I'm just back from a camping trip and had a great time.

One of the highlights was still being able to enjoy a nice coffee. I took the syphon and it was perfect for camping. I had to pre-grind my beans as I've only got an electric grinder but they served me well.

What other methods o people use for coffee when camping?


----------



## PPapa (Oct 24, 2015)

Usually AeroPress or MSR Windboiler with coffee kit and Feldgrind/preground depending on what I'm going to do.

For example, spending 5 nights in a Camban bothy in Glen Affric in early March means grinder needs to stay home. Carrying winter mountaineering, camera, sleeping gear and 10kg of fuel for 18-odd km means I can sacrifice and leave Feldgrind at home







. But more often than not I just go with pre-ground to save that bit of weight.

Can't wait for AerGrind to arrive.


----------



## hotmetal (Oct 31, 2013)

PPapa said:


> Can't wait for AerGrind to arrive.


Not long now Mr Frodo!


----------



## Tewdric (Apr 20, 2014)

Porlex and Aeropress works well for me.


----------



## Wobin19 (Mar 19, 2013)

Aeropress and Feldgrind are my weapons of choice too for camping and any other holidays.


----------



## Simon_S (Jul 4, 2016)

This little lot live in our camper van.....


----------



## Flibster (Aug 15, 2010)

Cafflano Klassic for me.


----------



## Grahamg (Oct 24, 2013)

Where in the hell did you get that blue sky camping this summer?!


----------



## MatthewBw (Sep 9, 2015)

I started with a Minipresso, found that great but as soon as there was more than just me to cater for it became a pain. Messy too. Makes an ok espresso though for such a compact device.

Then I went OTT and tried one of those old vintage stovetops (similar to the Bellman), you can actually froth milk with this which is pretty amazing but its certainly not espresso more like a less burnt mokka pot style brew. Can be awkward as you need a jug to catch the coffee.










These days I dont worry about espresso, I just take my Oomph and use that. Makes enough for two and gives a decentish results with most grinds and coffee even cheap supermarket stuff. With good beans its great and it's just less mess and hassle than my other ones.


----------



## Daren (Jan 16, 2012)

PPapa said:


> I Can't wait for AerGrind to arrive.





hotmetal said:


> Not long now Mr Frodo!


Lol!
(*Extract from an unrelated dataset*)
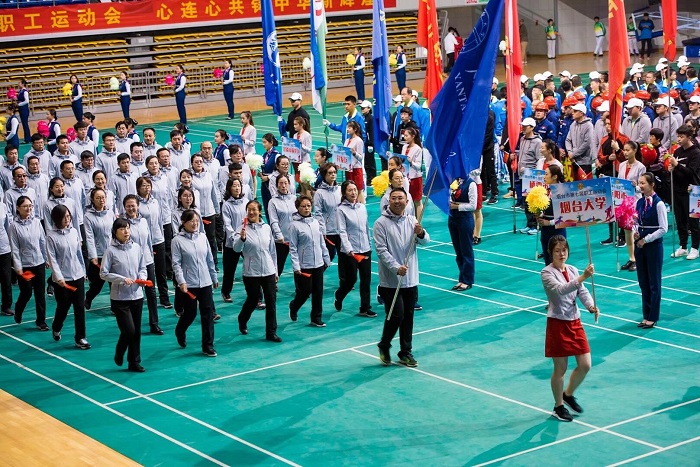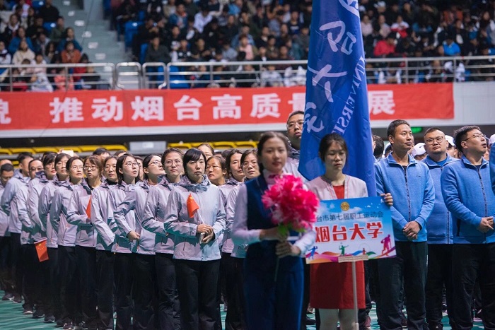 由烟台市总工会、烟台市体育局主办的烟台市第七届职工运动会于10月20日在烟台市体育公园体育馆隆重开幕。sunbet申搏党委常委、副校长邓昌亮应邀出席了开幕式。来自全校各单位工会干部五十余人参加了入场方队。1000名学生现场观看,广播体操、啦啦操队参加了开幕式表演。

It's MBK... Well famed for their prompt delivery... I'm taking bets I don't see my AerGrind this year based upon past performance


----------



## Daren (Jan 16, 2012)

Hausgrind, Aeropress, Oomph, scales and fresh beans currently reside in my camper - when the AerGrind finally arrives the Hausgrind will resume normal duties in my kitchen


----------



## hotmetal (Oct 31, 2013)

I think we're all fearing the same! However I am hoping that their new productionised grinder will be less labour intensive to make and he'll be able to keep to the schedule. I went 'gentleman saver' and let the first batch go to people in a hurry, so I'm not too bothered, he's still talking about shipping end of the month, but I guess we'll have to wait!


----------



## PPapa (Oct 24, 2015)

Daren said:


> Lol! It's MBK... Well famed for their prompt delivery... I'm taking bets I don't see my AerGrind this year based upon past performance


Want to bet your AerGrind on this one?


----------



## MatthewBw (Sep 9, 2015)

A 12v coffee grinder would be very nice indeed







but the only ones Ive seen are blade ones.


----------



## Jonas (Jun 22, 2017)

Done some bike touring with the girlfriend, so quite limited space and weight. First tour we went to cafes, for the second tour we bought a trangia storm kitchen and boiled our coffee straight in the kettle and this summer we went with instant







... Actually what got me to this forum was a guy we met on the recent tour who said he's going to get an aeropress for his next tour and I had never heard of it and got curious, so when we returned I did some googling and found these forums







! Let's see if I can convince the gf that it's worth carrying the AP and feldgrind around Europe next summer, presumably on my bike..


----------



## Daren (Jan 16, 2012)

Jonas said:


> this summer we went with instant
> 
> 
> 
> ...


Moderators - can we ban this person!


----------



## Jonas (Jun 22, 2017)

But I'm still a green bean, I didn't know what I was doing







!


----------



## DougalMcGuire (Feb 21, 2016)

I don't want to be boring, but Feldgrind and Aeropress here as well. And a little metal magic whisk to sort the milk out.


----------



## russell16688 (Jul 23, 2017)

I just use a coffee infuser when I wild camp as it's exceptionally light when I'm carrying my world for a couple of days. Produces a decent, albeit gritty, coffee that's pretty strong. Feels almost like a coffee cupping session. Only cost about £6 all in and if I'm feeling really fancy I'll take a hand grinder. Extravagant I know!


----------



## Jedi oh (Mar 17, 2015)

Good to see people still enjoying good coffee when camping. May try the V60 next time as the wife thinks I'm stupid taking the syphon. If it breaks it breaks. I cab get a new one. But I prefer the coffee from the syphon.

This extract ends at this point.